In a processing start step, the processing information presentation unit 22 performs similarity calculation processing for calculating the similarity between the designated data type and the designated question and the route by which the hierarchical structure is traced from the upper level, and proceeds to step S302. The details will be described later, and the similarity is a maximum value in the route in which the designated data type matches with the designated question. In other words, the route having the maximum similarity indicates that there is a processing record for the same data type and the same question as the designated data type and the designated question.

(Step S302)

The processing information presentation unit 22 assesses the accuracy of the processing record associated with the route having strong similarity, and proceeds to step S303.

(Step S303)

The processing information presentation unit 22 determines whether the accuracy of the processing record associated with the route having strong similarity satisfies a requirement. If the requirement is not satisfied (step S303; No), the processing information presentation unit 22 proceeds to step S307. If the requirement is satisfied (step S303; Yes), the processing information presentation unit 22 proceeds to step S304.

(Step S304)

The processing information presentation unit 22 determines whether the similarity is maximum. If the similarity is maximum (step S304; Yes), the processing information presentation unit 22 proceeds to step S305. If the similarity is not maximum (step S304; No), the processing information presentation unit 22 proceeds to step S306.

(Step S305)

The processing information presentation unit 22 registers the data processing and accuracy of the processing record associated with the route having the maximum similarity as the adaptation in the adaptation table 43, and proceeds to step S307.

(Step S306)

The processing information presentation unit 22 registers the data processing and accuracy of the processing record associated with the route having similarity that is not maximum as the alternative in the alternative table 44, and proceeds to step S307.

(Step S307)

The processing information presentation unit 22 determines whether the number of the alternatives reaches an alternative threshold.

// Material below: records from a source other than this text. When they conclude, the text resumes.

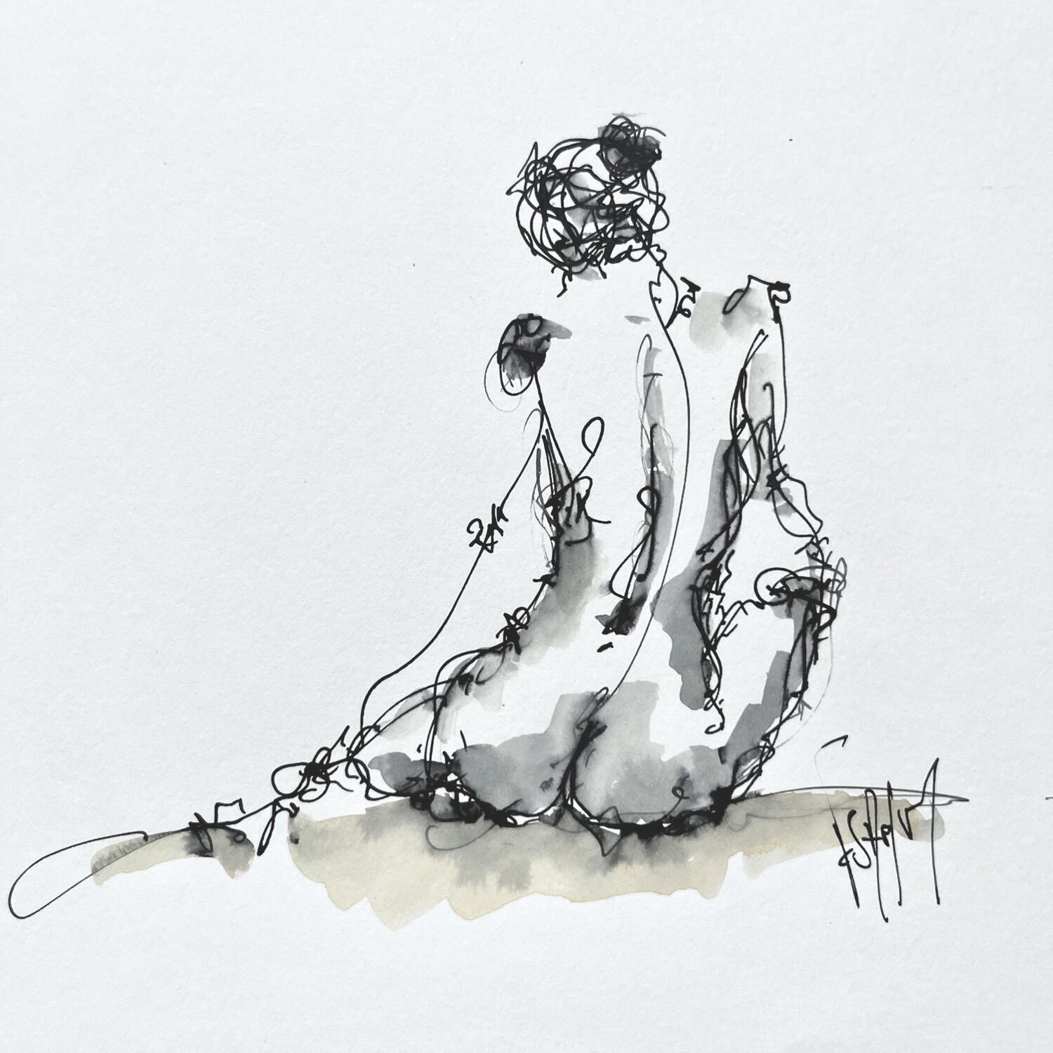 This unique and original contemporary artwork "Alice" was created by contemporary artist Sahuc François. The artist used ink and watercolor techniques to create this small-format painting on paper in a figurative style on the themes of minimalism and nudity.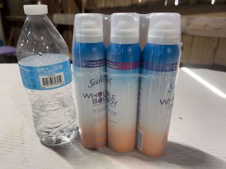 Sealed pack of 3 Secret Whole Body Deodorant sprays, each with a Peach & Vanilla Blossom scent. Clinically proven odor protection, aluminum-free formula, and dermatologist-tested. Size and weight of each bottle are unspecified. The packaging is intact and in excellent condition.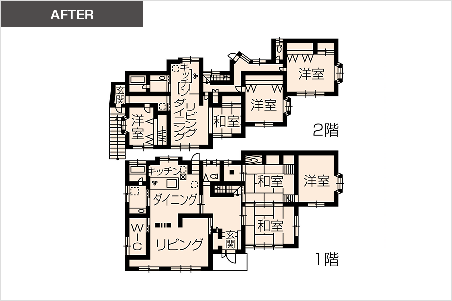 多かった和室をなくして、両世帯ともに広々と気持ちよく過ごせるLDKへ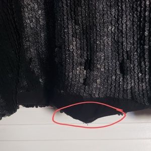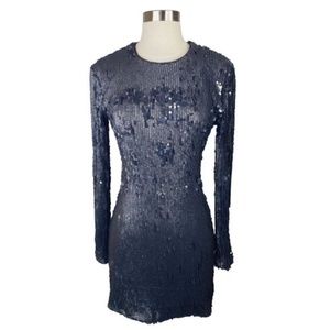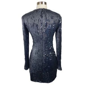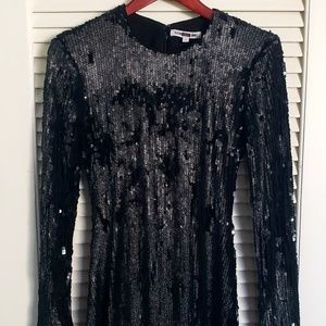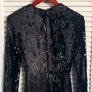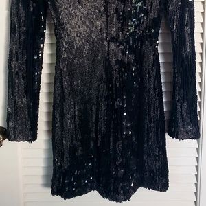 Elizabeth and James Siggy Dress in very good condition. Size 6 with Retail value of $495. Measurements are approximate: Pit to pit 17” Shoulders 16” Length 33” Sleeves 24” Flat lay waist 12” •Black sequins on mesh that do go in both directions so you get a variation of pattern looks •Stretchy through the waist •Sheath •Long sleeves •Crew neckline •Hidden back zipper with hook-and-eye closure •Fully lined •Imported •80% Polyester, 17% Rayon, 3% Spandex *Stock photo to show fit/style - the remaining pics are of actual listed item **This dress is in very good condition - the bottom hem just needs to be fixed because it is loose, it is circled on the picture. Looks like it could easily be hand stitched or even taped since it is a small section. I have priced it close to what it is just to rent it on websites.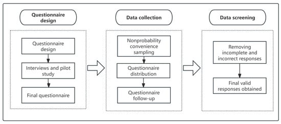As the primary focus of this study was to assess the driving mechanisms of proactive compliance management strategies for international construction contractors, the studies reviewed identified that the preliminary studies should focus on one country rather than confounding the findings and introducing contextual influences related to the national culture and industry []. In the context of China’s Belt and Road Initiative (BRI), Chinese international contractors have become significant players in global infrastructure markets, comprising 32.4% of the world’s top 250 contractors in 2024 [] (ENR, 2024). As one of the most prominent emerging market countries, China presents not only substantial opportunities, but also considerable compliance-related challenges for global enterprises. Consequently, China provides a distinctive context for this study. The data collection process is shown in Figure 3. To enhance data validity, the questionnaire design incorporated established methodological safeguards, namely sensitive terminology was systematically avoided to mitigate response bias []. A rigorous forward–backward translation protocol was implemented for cross-linguistic accuracy verification, involving professional linguists and domain experts [].

If the number of the alternatives does not reach the alternative threshold (step S307; No), the processing information presentation unit 22 proceeds to step S302. If the number of the alternatives reaches the alternative threshold (step S307; Yes), the processing information presentation unit 22 returns to original processing.

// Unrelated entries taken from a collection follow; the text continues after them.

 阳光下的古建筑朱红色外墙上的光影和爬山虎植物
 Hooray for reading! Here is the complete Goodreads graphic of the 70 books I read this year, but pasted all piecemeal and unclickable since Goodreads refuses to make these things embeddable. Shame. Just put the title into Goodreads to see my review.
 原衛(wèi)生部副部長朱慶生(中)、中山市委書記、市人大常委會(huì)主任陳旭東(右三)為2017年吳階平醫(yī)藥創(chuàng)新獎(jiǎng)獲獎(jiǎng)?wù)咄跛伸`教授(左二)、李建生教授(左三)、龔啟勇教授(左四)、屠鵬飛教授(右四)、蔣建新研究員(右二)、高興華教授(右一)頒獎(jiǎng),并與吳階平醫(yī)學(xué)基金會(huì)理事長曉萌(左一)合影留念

FIG. 8 is a flowchart showing details of the similarity calculation processing shown in FIG. 7. The flowchart of FIG. 8 includes the following steps.

(Step S401)

In a processing start step, the processing information presentation unit 22 compares the input with the node in the uppermost layer, and proceeds to step S402.

(Step S402)

If there is a node that exactly matches the input (step S402; Yes), the processing information presentation unit 22 proceeds to step S403. If there is no node that exactly matches the input (step S402; Yes), the processing information presentation unit 22 proceeds to step S404.

(Step S403)

The processing information presentation unit 22 adds 1 to the similarity and proceeds to step S406.

(Step S404)

If there is the node that partially matches the input (step S404; Yes), the processing information presentation unit 22 proceeds to step S405. If there is no node that partially matches the input (step S404; No), the processing information presentation unit 22 ends the similarity calculation processing and returns to the original processing. Here, the exact match and the partial match will be described. When there is a node (A, B) in the data type layer and (A, B) is given as the input, the input exactly matches with the node. On the other hand, when there is the node (A, B) in the data type layer and (B) is given as an input, the input exactly matches with the node.

(Step S405)

The processing information presentation unit 22 adds a matching level to the similarity and proceeds to step S406. The matching level may be calculated by, for example, Dice Index.

(Step S406)

The processing information presentation unit 22 determines whether the compared node is a node located in the lowest input layer. If the node is the node located in the lowest layer (step S406; Yes), the processing information presentation unit 22 ends the similarity calculation processing and returns to the original processing. If the node is not the node located in the lowest layer (step S406; No), the processing information presentation unit 22 proceeds to step S407.

(Step S407)

The processing information presentation unit 22 compares the input with the lower node associated with the compared node, and proceeds to step S402 to trace the node to the lower layer.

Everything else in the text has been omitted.